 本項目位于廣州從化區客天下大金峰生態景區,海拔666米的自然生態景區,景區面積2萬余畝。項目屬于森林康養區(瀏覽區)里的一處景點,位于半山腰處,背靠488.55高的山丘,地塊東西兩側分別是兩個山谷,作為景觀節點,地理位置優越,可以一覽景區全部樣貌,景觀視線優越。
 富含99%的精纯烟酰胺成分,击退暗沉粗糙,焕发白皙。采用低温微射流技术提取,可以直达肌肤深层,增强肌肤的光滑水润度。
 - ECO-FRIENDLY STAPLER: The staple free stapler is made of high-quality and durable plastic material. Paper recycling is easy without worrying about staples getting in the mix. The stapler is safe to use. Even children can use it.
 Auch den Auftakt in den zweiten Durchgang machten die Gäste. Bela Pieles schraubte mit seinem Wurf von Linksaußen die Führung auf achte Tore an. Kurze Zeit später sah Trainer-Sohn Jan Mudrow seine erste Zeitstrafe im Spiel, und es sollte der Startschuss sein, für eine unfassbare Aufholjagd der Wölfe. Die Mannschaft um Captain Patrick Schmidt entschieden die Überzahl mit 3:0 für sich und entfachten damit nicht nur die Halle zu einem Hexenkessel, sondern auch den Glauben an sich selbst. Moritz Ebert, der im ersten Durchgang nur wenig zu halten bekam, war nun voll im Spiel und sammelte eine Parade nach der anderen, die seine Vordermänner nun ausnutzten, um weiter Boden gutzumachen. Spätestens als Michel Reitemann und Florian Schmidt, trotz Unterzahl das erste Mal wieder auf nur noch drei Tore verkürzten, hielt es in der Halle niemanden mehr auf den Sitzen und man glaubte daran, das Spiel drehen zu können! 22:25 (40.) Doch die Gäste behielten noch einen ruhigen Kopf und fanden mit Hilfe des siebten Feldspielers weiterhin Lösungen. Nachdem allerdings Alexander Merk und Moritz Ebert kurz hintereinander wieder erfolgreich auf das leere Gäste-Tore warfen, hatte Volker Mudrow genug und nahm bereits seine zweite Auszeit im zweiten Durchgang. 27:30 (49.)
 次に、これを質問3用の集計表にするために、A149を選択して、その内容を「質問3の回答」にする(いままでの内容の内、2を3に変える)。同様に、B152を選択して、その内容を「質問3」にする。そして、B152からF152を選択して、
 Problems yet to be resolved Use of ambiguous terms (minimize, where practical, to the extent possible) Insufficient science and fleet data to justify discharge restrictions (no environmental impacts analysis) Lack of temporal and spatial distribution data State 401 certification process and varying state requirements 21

__PROBLEM DESCRIPTION__: From the entries above, extract only the lines running from the one containing "富含99%的精纯烟酰胺成分,击退暗沉粗糙" through the one containing "- ECO-FRIENDLY STAPLER: The", inclusive.

__YOUR SOLUTION__:
 富含99%的精纯烟酰胺成分,击退暗沉粗糙,焕发白皙。采用低温微射流技术提取,可以直达肌肤深层,增强肌肤的光滑水润度。
 - ECO-FRIENDLY STAPLER: The staple free stapler is made of high-quality and durable plastic material. Paper recycling is easy without worrying about staples getting in the mix. The stapler is safe to use. Even children can use it.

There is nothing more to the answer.